Of these, cos4was selected based on its empirical performance (it showed the strongest correlation with human-assigned scores of proficiency among the distance-based measures). In addition, an intuitive justification for the choice is that the score-4 vector is a grammatical “norm” representing the average grammar usage distribution of the most proficient ESL students. The measure of syntactic complexity of a response, cos4, is its similarity to the highest score class.

The study found that the measures showed reasonable discriminative ability across proficiency levels. Despite its encouraging empirical performance, the VSM method of capturing grammatical sophistication has the following limitations.

First, the VSM-based method is likely to over-estimate the contribution of the POS bigrams when highly correlated bigrams occur as terms in the VSM. Consider the presence of a grammar pattern represented by more than one POS bigram. For example, both “NN-WDT” and “WDT-RB” in Sentence 2 reflect the learner’s usage of a relative clause. However, we note that the two bigrams are correlated and including them both results in an over-estimation of their contribution. The VSM set-up has no mechanism to handle correlated features.

Second, the tf-idf weighting scheme for relatively rare POS bigrams does not adequately capture their underlying distribution with respect to score groups. Grammatical expressions that occur frequently in one score level but rarely in other levels can be assumed to be characteristic of a specific score level. Therefore, the more uneven the distribution of a grammatical expression across score classes, the more important that grammatical expression should be as an indicator of a particular score class. However, the simple idf scheme cannot capture this uneven distribution. A pattern that occurs rarely but uniformly across different score groups can get the same weight as a pattern which is unevenly distributed to one score group. Martineau and Finin (2009) observed this weakness of the tf-idf weighting in the domain of sentiment analysis. When using tf-idf weighting to extract words that were strongly associated with positive sentiment in a movie review corpus (they considered each review as a document and a word as a term), it was found that a substantial proportion of words with the highest tf-idf were rare words (e.g., proper nouns) which were not directly associated with the sentiment.

We propose to address these important limitations of the VSM approach by the use of a method that accounts for each of the deficiencies. This is done by resorting to a maximum entropy model based approach, to which we turn next.
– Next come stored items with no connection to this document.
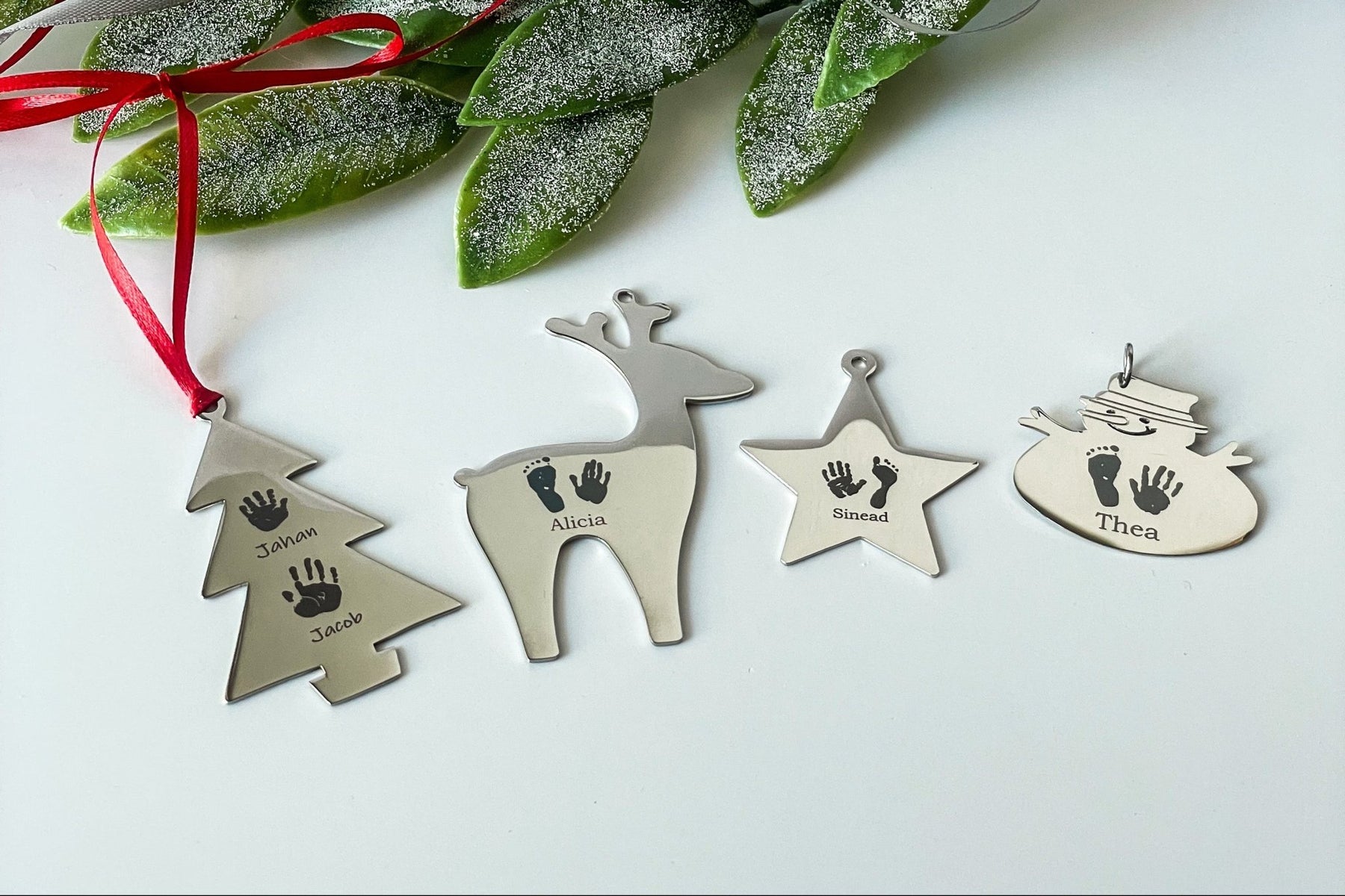 Create a Christmas tradition you can pass down. This engraved ornament captures a real handprint or footprint in polished stainless steel, a small moment preserved beautifully for every Christmas to come.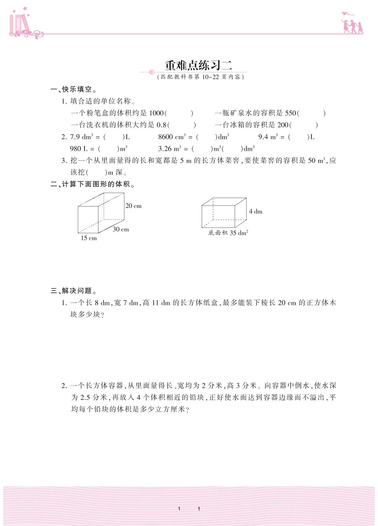 2020上册六年级数学苏教版 一 长方体和正方体——重难点练习二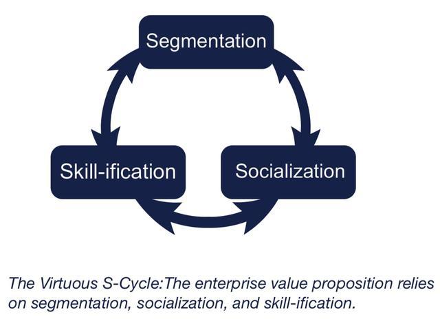 也就是说,细分的用户可以更容易地鼓励他们之间的社交,并针对他们的实际和预期需求定位新技能。社交化的用户允许组织根据需要去识别所要服务的细分用户和/或新技能。技能化鼓励了用户围绕提供的应用和功能,从“自我细分”和“社交化”的方面提供建议与评论。
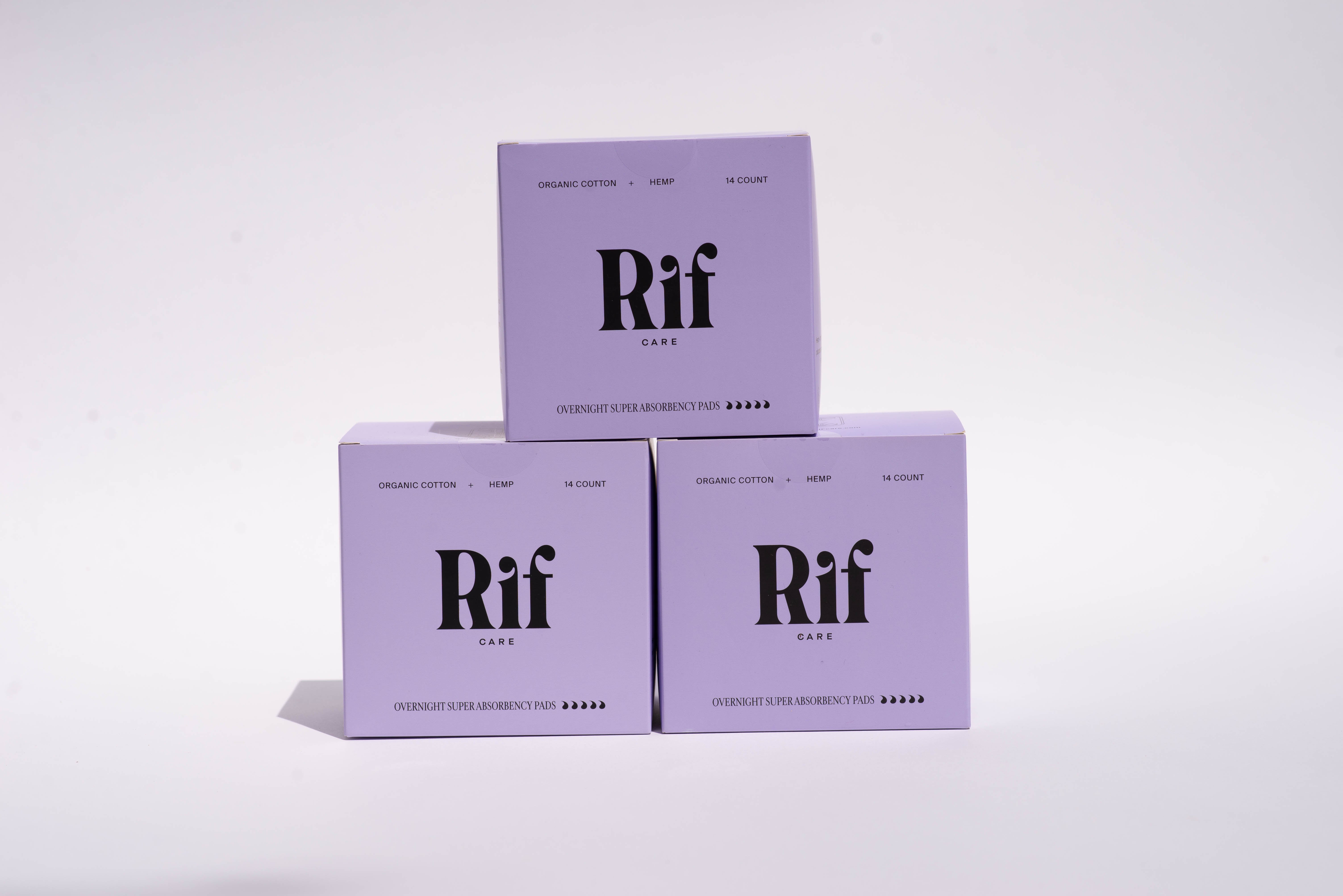 Upgrade your overnight self care with Rif Care's plant based hemp fiber pads! Ultra absorbent, naturally odor fighting and super soft for all night comfort.

4.2 Maximum Entropy-Based model

In order to address the limitations discussed in 4.1, we propose a classification-based approach. Taking an approach different from previous studies, we formulate the task of assigning a score of syntactic complexity to a spoken response as a classification problem: given a spoken response, assign the response to a proficiency class. A classifier is trained in an inductive fashion, using a large corpus of learner responses that is divided into proficiency scores as the training data and then used to test data that is similar to the training data. A distinguishing feature of the current study is that the measure is based on a comparison of characteristics of the test response to models trained on large amounts of data from each score point, as opposed to measures that are simply characteristics of the responses themselves (which is how measures have been considered in prior studies).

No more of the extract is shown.